* **Task item**:
Pictures must not appear in the copy. Reproduce exactly, and only, the lines from the one with "ve yüksek performans." through the end of the data below.

START Input data

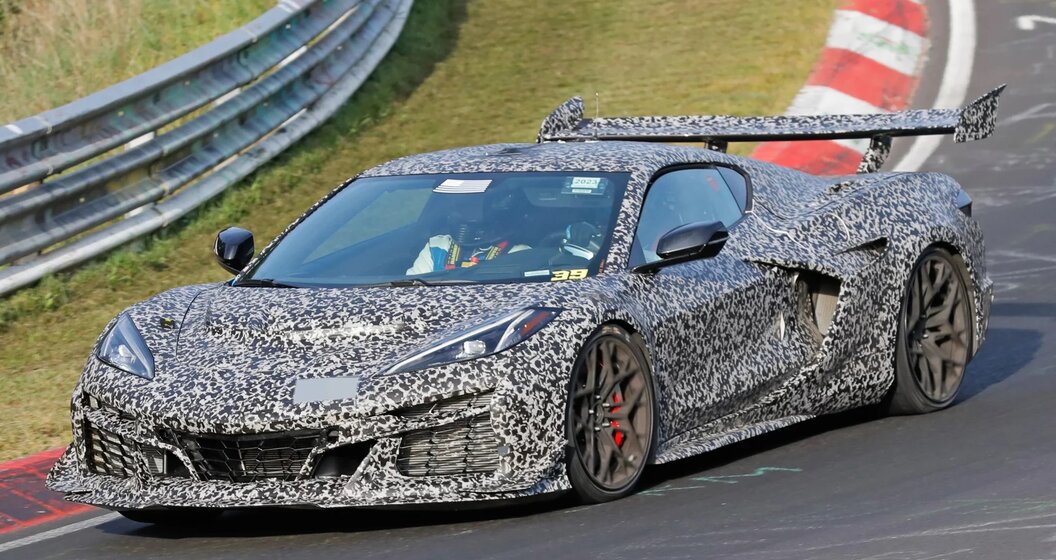 Dit wordt het profiel van de langverwachte ZR1, de extreme versie van de Corvette, die zijn plaats zal innemen boven de al verbluffende Z06, in afwachting van een versie die volgens de geruchten nog beestachtiger is, de Zora, genoemd naar de 'vader' van de originele Corvette. Volgens steeds nauwkeurigere geruchten zal de Corvette ZR1 de natuurlijk geaspireerde 5,5 liter-V8 van de Z06 overnemen, die al 680 pk levert. Gevoed door twee royale turbo's zou deze motor in de ZR1 meer dan 850 pk ontwikkelen, een vermogen dat alleen via een achttrapsautomaat naar de achterwielen wordt gestuurd. Twee dingen lijken deze aankondigingen te bevestigen: de enorme achterspoiler die te zien was op de gecamoufleerde ZR1's die door 'spionnen' op de gevoelige plaat werden vastgelegd, en de teaservideo die gisteren werd vrijgegeven en waarin we een V8 met bliksemsnelle toeren horen. Wordt vervolgd...
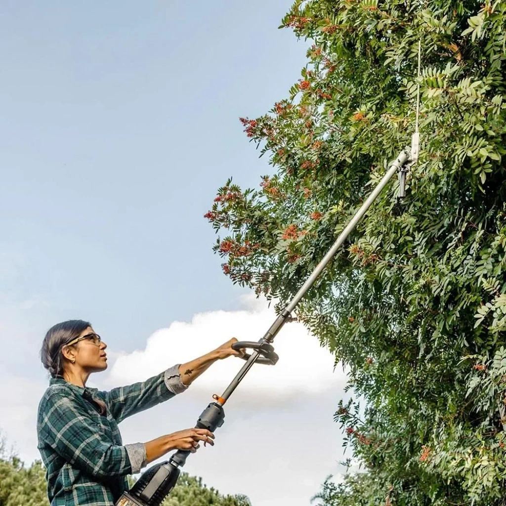 · Worx WG186E.1 çok fonksiyonlu misina/tırpan ile uyumlu 3m toplam yüksekliğe sahip 43cm bıçak uzunluğu ile ulaşılması zor açı ve yüksekliklerde 40Volt Li-ion akü ve Kömürsüz motor teknolojisi ile tüm rakiplerinden daha güçlü ve yüksek performans.
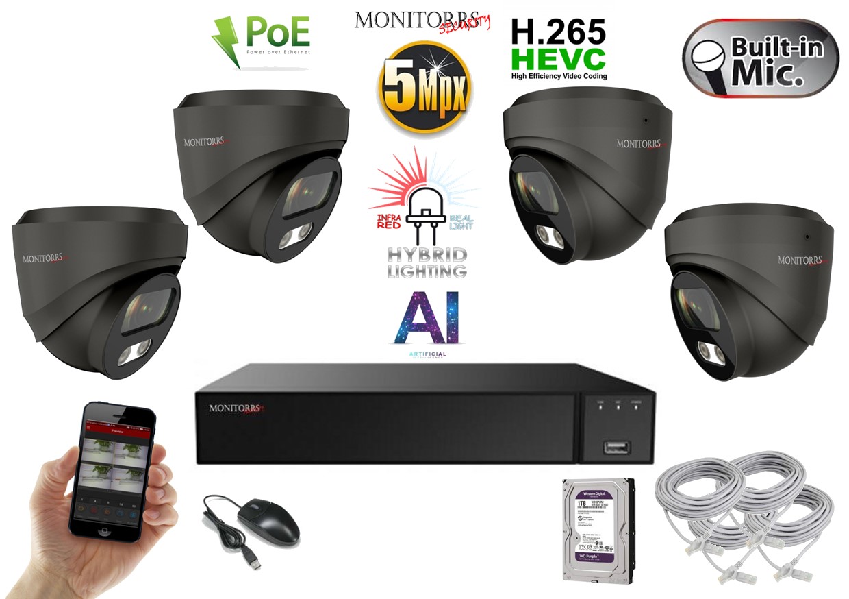 - Monitorrs Security AI hybrid Light IP 4 kamerový set 5 Mpix GDome (6142K4)

END Input data

* **Written response**:
 · Worx WG186E.1 çok fonksiyonlu misina/tırpan ile uyumlu 3m toplam yüksekliğe sahip 43cm bıçak uzunluğu ile ulaşılması zor açı ve yüksekliklerde 40Volt Li-ion akü ve Kömürsüz motor teknolojisi ile tüm rakiplerinden daha güçlü ve yüksek performans.
 - Monitorrs Security AI hybrid Light IP 4 kamerový set 5 Mpix GDome (6142K4)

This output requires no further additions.